READ ME File For the Three Studies detailed in the Thesis

Dataset DOI: 10.5258/SOTON/PG/D257

ReadMe Author: George-Catalin Muresan, University of Southampton ORCID 0009-0004-8157-3616

This dataset supports the thesis entitled "Bridging Contexts in Video-Based Virtual Dyadic Communication: From Asynchronous Non-Familiar Contexts Using Pre-Recorded Introductions to Synchronous Familiar Contexts Operationalising Engagement Metrics"
AWARDED BY: University of Southampton
DATE OF AWARD: 2026


Date of data collection: September 2020 - November 2024

Information about geographic location of data collection: The dataset includes participants recruited internationally across Europe, North America, and Australia. Data were collected remotely through online experimental sessions. All subsequent data processing and analysis were carried out in the United Kingdom.

Licence:
CC-BY

Related projects:
https://doi.org/10.1016/j.ijhcs.2024.103279 : research published that is part of this thesis work;
https://doi.org/10.3389/fcomp.2021.661890 : research published that directly motivate the thesis work.



--------------------
DATA & FILE OVERVIEW
--------------------

All data have been pseudonymised prior to deposition. Any identifying information has been removed or generalised to ensure participant confidentiality.
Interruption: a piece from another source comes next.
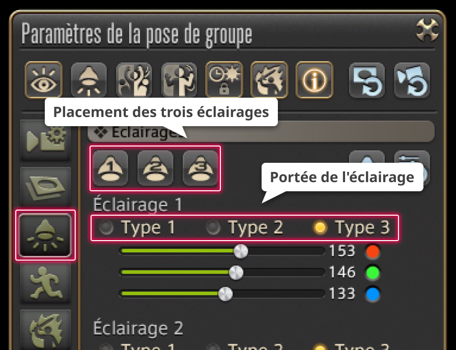Jusqu'à trois éclairages peuvent être placés au sein d'une composition. En outre, leur type détermine leur portée : 1 (courte), 2 (moyenne) et 3 (grande).

This dataset archive contains the following structure:

/README.txt

/Asynchronous Contexts/
    /Information sheet/
        - 3 PNG files (participant information sheet for asynchronous study)

    /Output data/
        - 6 PNG files (processed statistical output tables used for analysis and findings)

    /Quants and quals/
        - 4 Excel files (raw and processed quantitative and qualitative data)

    /Processing data scripts/
        - filter.py
        - meq.py

        /group_satisfaction/
            - __init__.py
            - group_satisfaction.py
            - setup.py

        /task_performance/
            - performance_analysis.py
            - performance_parser.py

/Synchronous Contexts/
    /Information sheet/
        - 3 PNG files (participant information sheet used across studies)

    /Quants/
        - 1 Excel file (quantitative variables used in study design and analysis context)

    /Study 1/
        /Output data/
            - 4 PNG files (processed statistical output tables used for analysis and findings)
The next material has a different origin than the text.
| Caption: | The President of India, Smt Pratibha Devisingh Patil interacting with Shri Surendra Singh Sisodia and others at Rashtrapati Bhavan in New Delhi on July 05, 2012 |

        /Quants and quals/
            - 5 Excel files + 1 PDF (raw and processed quantitative and qualitative data)

    /Study_2/
        /Output data/
            - 7 PNG files (processed statistical output tables used for analysis and findings)

        /Quants and quals/
            - 4 CSV files + 1 Excel file (raw and processed quantitative and qualitative data)
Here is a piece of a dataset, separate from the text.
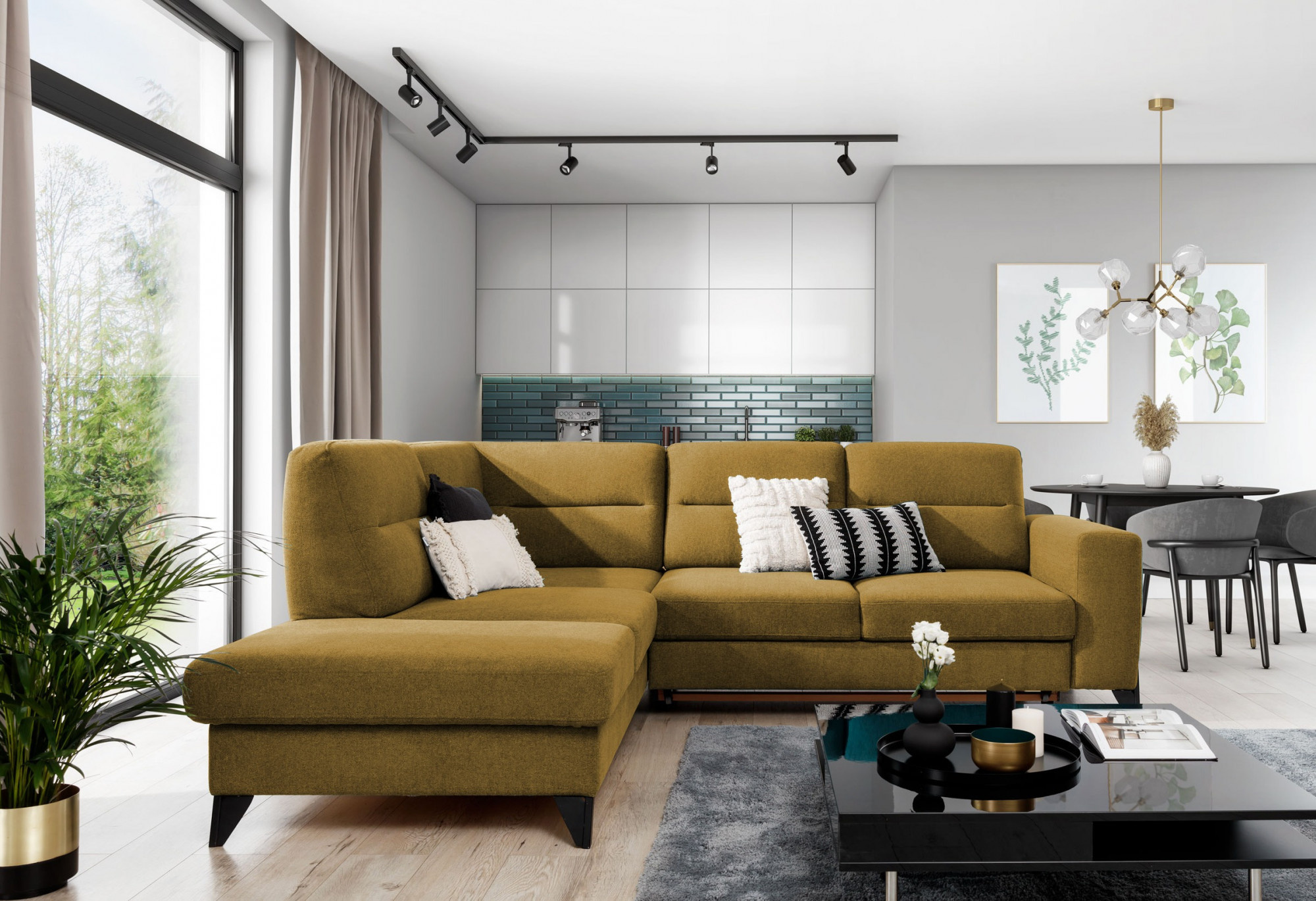 - možnost ustavení sedací soupravy do prostoru - záda sedací soupravy jsou očalouněny stejnou potahovou látkou

This dataset contains raw, processed, and derived data supporting two contexts: an asynchronous dyadic communication study and a synchronous dyadic communication study.

The dataset is organised into two main directories: Asynchronous Context and Synchronous Context.

Each directory contains:
- Participant information sheets (PNG format);
- Raw quantitative and qualitative survey data (Excel / CSV / PDF formats);
- Processed statistical outputs used in analysis (PNG tables);
- Python scripts used for preprocessing and metric computation.

Processing scripts were used to transform raw survey and interaction data into aggregated metrics used in statistical analysis and figures. Additional statistical analysis was performed using SPSS.


Within each study folder, raw data files (Quants and quals) were processed using Python scripts located in processing_data_scripts or SPSS to generate derived datasets and computed metrics. These processed outputs were then used to produce statistical tables stored in Output data. In the Synchronous Context dataset, Study 1 and Study 2 follow the same processing pipeline but contain separate participant groups and experimental conditions.

Additional related data collected that was not included in the current data package: Some additional experimental artefacts (i.e. intermediate working files, temporary analysis outputs, and non-final visualisations) were excluded as they are not required for replication of results. Furthermore, no identifiable video or audio recordings are included due to participant privacy considerations.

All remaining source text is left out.